Sin más tardanza, dimos media vuelta y regresamos a mi habitación. Mi madre me había atado las botas con tantas ganas que ahora no podía desanudarme los cordones. Por fin, con un suspiro de alivio, logró quitarme la primera bota. Como estaba de mal humor, no se agachó para dejarla en el suelo sino que la soltó.
En Las Hilandarias los niños calzaban botas con tachuelas o remaches de hierro en la punta de las suelas. Se podría afirmar que herraban a la infancia.
El efecto al andar era chusco. Resbalábamos fácilmente en el adoquinado o en el cemento de las aceras. Salvo la tierra, cualquier superficie pulida era un peligro. Esta circunstancia nos obligaba a ser conscientes de cada uno de nuestros movimientos.
Luego, lo quisieras o no, el choque de los refuerzos contra el pavimento producía un ruido metálico semejante al de las caballerías. Un martilleo que delataba nuestra presencia.
Mi madre, siempre tan cuidadosa, como estaba irritada, olvidó ese detalle y la bota rechinó en el enlosado. Ese sonido le daba dentera. Su corajina aumentó responsabilizando del percance a la lazada que ella misma había hecho.
Ese tintineo puso punto final a mi breve escapada y a la difteria, de la que estaba convaleciente.
La enfermedad empezó como una faringitis. Y ese fue el primer diagnóstico, al que el médico quitó importancia. Pero mi situación se complicó pronto con fiebres altas y las primeras dificultades respiratorias.
Me contaron que estuve en un tris de morir asfixiado. En las crisis de ahogo me arqueaba y retorcía para tragar un sorbo de aire. Extraños silbidos salían de mi pecho. Tenía los labios resecos y agrietados.
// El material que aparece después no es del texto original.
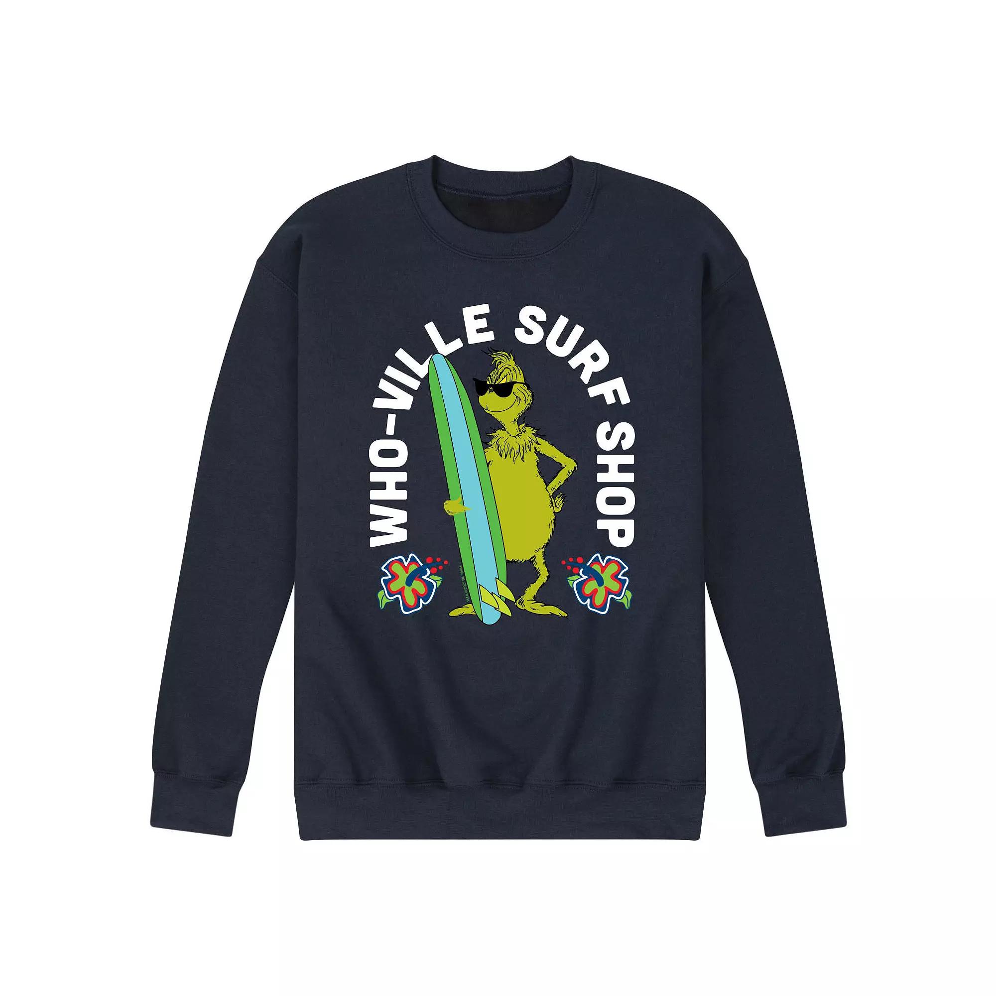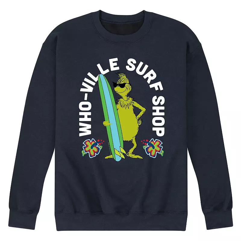 He will love showing off his style with this Mens Dr. Seuss The Grinch Whoville Surf Shop Fleece Sweatshirt. FEATURES Crewneck Long sleeveFABRIC & CARE Cotton/Polyester Machine wash Imported Color: Navy. Gender: male. Age Group: adult. Pattern: Graphic.

Y estaba escuálido.
A través del vaho de los cristales eran visibles los hilos de agua, ninguno de los cuales descendía en línea recta. En conjunto, formaban complicados arabescos, extrañas runas que se renovaban sin descanso.
Dada mi situación de inmovilidad, me distraía tratando de desentrañar el arcano lenguaje de la lluvia.
Me sobresalté cuando un tallo largo y delgado golpeó el parabrisas. Supuse que cerca había una zarza. Pero no corría viento. Lo que quiera que fuese se retiró. Me convencí de que ese latigazo había sido fruto de mi imaginación.
Al poco tiempo, doblemente paralizado por el accidente y por la angustia, observé que hacia el coche avanzaba una maraña de ramas finas y flexibles, como si una zarza gigantesca pretendiera envolverlo.
Empapado en sudor, con el corazón desbocado, me percaté de que ese avieso arbusto quería camuflar al Mercedes para impedir que fuera descubierto y yo pudiera ser rescatado.
Los vástagos sin hojas ni espinas se acercaban desde todas partes. Pero tan pronto como llegaron, empezaron a retroceder, limitándose a rozar la carrocería, a fustigarla apenas.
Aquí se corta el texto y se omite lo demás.